**What is expected:**
The following data has a line with "Set Coloana Dus" and a line with "COSRX Hydrium Watery". Write out exactly those lines and all the lines between them.

--- The input Enclosed Below ---

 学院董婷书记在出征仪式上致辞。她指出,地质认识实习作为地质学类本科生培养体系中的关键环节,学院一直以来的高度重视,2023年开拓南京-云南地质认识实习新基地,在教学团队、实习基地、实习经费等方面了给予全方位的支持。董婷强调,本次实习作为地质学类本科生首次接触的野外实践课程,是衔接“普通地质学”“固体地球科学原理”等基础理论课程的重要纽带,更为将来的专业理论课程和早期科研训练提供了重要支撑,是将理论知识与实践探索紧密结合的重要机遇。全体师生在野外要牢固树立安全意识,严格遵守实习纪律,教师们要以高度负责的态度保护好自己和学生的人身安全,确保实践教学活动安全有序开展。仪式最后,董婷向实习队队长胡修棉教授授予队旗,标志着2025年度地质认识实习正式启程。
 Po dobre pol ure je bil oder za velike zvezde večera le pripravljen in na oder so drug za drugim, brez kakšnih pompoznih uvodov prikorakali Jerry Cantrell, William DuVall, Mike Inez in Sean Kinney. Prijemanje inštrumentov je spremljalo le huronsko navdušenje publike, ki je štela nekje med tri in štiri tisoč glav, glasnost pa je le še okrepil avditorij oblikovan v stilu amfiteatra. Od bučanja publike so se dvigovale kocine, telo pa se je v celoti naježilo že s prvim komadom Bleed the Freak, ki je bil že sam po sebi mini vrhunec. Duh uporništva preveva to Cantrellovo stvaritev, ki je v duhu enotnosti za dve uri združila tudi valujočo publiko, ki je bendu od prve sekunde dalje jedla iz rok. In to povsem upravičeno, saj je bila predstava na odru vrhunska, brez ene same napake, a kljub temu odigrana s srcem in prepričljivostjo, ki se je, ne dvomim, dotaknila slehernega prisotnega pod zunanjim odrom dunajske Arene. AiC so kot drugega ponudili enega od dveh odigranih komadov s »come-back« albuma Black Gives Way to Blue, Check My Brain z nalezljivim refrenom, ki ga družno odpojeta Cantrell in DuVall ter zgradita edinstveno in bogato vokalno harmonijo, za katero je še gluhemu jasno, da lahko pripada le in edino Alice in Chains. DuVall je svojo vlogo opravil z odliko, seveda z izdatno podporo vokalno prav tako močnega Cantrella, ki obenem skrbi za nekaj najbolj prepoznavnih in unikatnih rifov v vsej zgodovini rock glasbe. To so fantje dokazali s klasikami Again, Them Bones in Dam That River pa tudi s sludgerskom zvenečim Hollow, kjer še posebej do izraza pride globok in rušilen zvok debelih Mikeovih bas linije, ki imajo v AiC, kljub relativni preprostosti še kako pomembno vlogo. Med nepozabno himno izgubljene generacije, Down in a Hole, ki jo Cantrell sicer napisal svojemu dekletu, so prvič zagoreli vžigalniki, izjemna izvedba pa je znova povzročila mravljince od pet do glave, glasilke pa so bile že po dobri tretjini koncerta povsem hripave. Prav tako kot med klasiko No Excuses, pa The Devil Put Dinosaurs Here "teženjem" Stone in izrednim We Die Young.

--- End of Enclosed The input ---
--- The input Enclosed Below ---

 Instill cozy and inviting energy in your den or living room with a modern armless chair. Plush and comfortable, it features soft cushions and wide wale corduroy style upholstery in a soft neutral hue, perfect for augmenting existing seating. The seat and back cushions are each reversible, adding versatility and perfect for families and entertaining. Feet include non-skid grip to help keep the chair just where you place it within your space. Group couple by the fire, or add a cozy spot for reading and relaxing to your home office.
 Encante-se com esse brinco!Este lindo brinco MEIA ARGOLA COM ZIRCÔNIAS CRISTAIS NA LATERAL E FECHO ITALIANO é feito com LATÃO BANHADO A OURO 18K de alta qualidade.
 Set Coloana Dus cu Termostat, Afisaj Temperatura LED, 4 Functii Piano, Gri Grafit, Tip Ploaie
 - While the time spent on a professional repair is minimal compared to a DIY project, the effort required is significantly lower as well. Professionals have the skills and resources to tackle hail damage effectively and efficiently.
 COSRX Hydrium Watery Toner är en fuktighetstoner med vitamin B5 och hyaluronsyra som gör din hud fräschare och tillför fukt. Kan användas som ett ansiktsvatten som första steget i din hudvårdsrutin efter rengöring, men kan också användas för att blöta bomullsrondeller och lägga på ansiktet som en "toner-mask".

--- End of Enclosed The input ---
--- The input Enclosed Below ---

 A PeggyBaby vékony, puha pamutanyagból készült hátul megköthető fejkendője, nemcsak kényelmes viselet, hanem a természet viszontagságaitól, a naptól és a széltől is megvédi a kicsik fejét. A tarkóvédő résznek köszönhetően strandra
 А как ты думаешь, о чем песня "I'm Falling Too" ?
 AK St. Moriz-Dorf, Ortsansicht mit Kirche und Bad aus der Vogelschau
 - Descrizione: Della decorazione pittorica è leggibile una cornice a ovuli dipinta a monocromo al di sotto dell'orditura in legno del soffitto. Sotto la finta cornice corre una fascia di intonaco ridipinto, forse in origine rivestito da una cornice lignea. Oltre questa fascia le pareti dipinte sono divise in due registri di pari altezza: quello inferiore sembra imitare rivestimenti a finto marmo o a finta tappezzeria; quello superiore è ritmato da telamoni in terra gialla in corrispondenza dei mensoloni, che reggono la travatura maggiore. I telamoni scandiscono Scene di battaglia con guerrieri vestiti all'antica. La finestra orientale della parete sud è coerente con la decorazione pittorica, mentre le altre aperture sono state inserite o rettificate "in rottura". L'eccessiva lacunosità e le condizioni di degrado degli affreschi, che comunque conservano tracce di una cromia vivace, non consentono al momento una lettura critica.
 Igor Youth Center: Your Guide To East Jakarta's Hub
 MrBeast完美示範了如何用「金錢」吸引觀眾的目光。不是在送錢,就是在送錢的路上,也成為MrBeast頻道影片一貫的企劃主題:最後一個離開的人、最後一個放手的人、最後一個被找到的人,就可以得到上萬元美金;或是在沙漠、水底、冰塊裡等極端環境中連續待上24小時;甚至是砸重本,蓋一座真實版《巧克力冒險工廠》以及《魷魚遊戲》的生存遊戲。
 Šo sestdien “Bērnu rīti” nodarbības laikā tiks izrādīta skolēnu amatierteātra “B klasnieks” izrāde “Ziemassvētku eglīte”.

--- End of Enclosed The input ---

**Solution for this exercise:**
 Set Coloana Dus cu Termostat, Afisaj Temperatura LED, 4 Functii Piano, Gri Grafit, Tip Ploaie
 - While the time spent on a professional repair is minimal compared to a DIY project, the effort required is significantly lower as well. Professionals have the skills and resources to tackle hail damage effectively and efficiently.
 COSRX Hydrium Watery Toner är en fuktighetstoner med vitamin B5 och hyaluronsyra som gör din hud fräschare och tillför fukt. Kan användas som ett ansiktsvatten som första steget i din hudvårdsrutin efter rengöring, men kan också användas för att blöta bomullsrondeller och lägga på ansiktet som en "toner-mask".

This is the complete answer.